1996.15it starts making senseALFAM7::GOSEJACOBTue Apr 29 1997 10:5130
    re .13 .14
    Ah, now you are talking:
    >	...
    >"rz35"     6.29 MB/sec
    >"rz36"     6.33 MB/sec
    >"rza41"    1.88 MB/sec
    >"rza42"    2.66 MB/sec
    >"rza43"    2.72 MB/sec
    >	...
    >"drd1" striped pair (rrza50c & rrza49c) is mirrored across SCSI buses
    >using LSM mirroring to (rrza42c & rrz41c)
    
    From reading between the lines I assume that you are using LSM to
    stripe over the pairs rrza50c/rrza49c and rrza42c/rrz41c too. Your
    performance numbers show that you are talking to disks behind the HSZ
    which are about 2.5 times slower than the directly connected disks. BTW
    a factor of 2.5 still seems a bit high.
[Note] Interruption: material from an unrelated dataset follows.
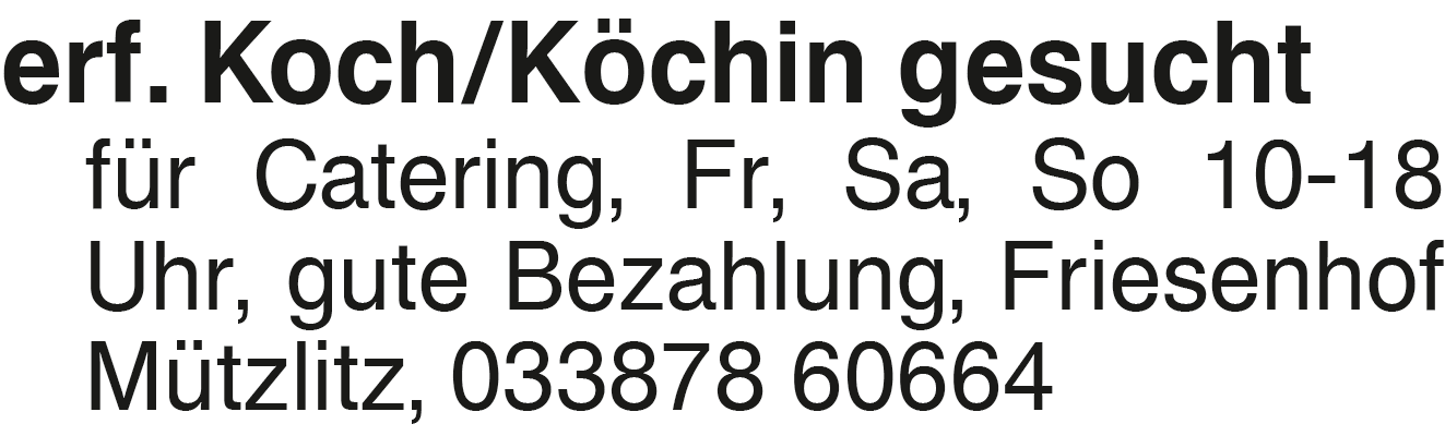 Rubrik: Stellenangebot Gastronomie / Touristik

Are you sure the disks behind
    the HSZ's are the same type as the local ones (which from the read
    performance look like RZ29's)?
    
    Now add a couple of layers of software (LSM, drd) on top of that and
    there you are with a simple explanation of why reads from your drd
    device are 300% slower than reads from a local disk.
    
    But if you can blame anything for that performance hit than it's the I/O
    subsystem (HSZ and stuff) NOT the drd implementation. What I still
    don't understand are your AdvFs numbers.
    
    	Martin
    
1996.16still perplexedGUIDUK::SOMERTurgan Somer - SEO06 - DTN 548-6439Tue Apr 29 1997 14:0722
    
    Martin,
    
    All of our disks are RZ29's.
    
    rz33,rz34,rz35,rz36 are non-shared local disks attached to a KZPSA in
    each 8200.
    
    The rest, rz41....rz50 are behind the HSZ50's. As I pointed out above
    rz41-42 is a striped pair mirrored thru LSM to rz49-50 striped-pair on
    the other HSZ.
    
    What perplexes me is why rz33-36 shows 6.29 MB/sec number, whereas
    the ones behind the HSZ's show ~2MB/sec. 
    
    When you go directly to the /dev/rzxxx don't you bypass all of the LSM
    and DRD layers? That is if I "dd" to, say, /dev/rrza41 I go:
    
    KZPSA-->HSZ-->disk and none of the LSM and DRD layers are involved?
    WHy are we seeing a 1/3 drop in performance compared to local disks?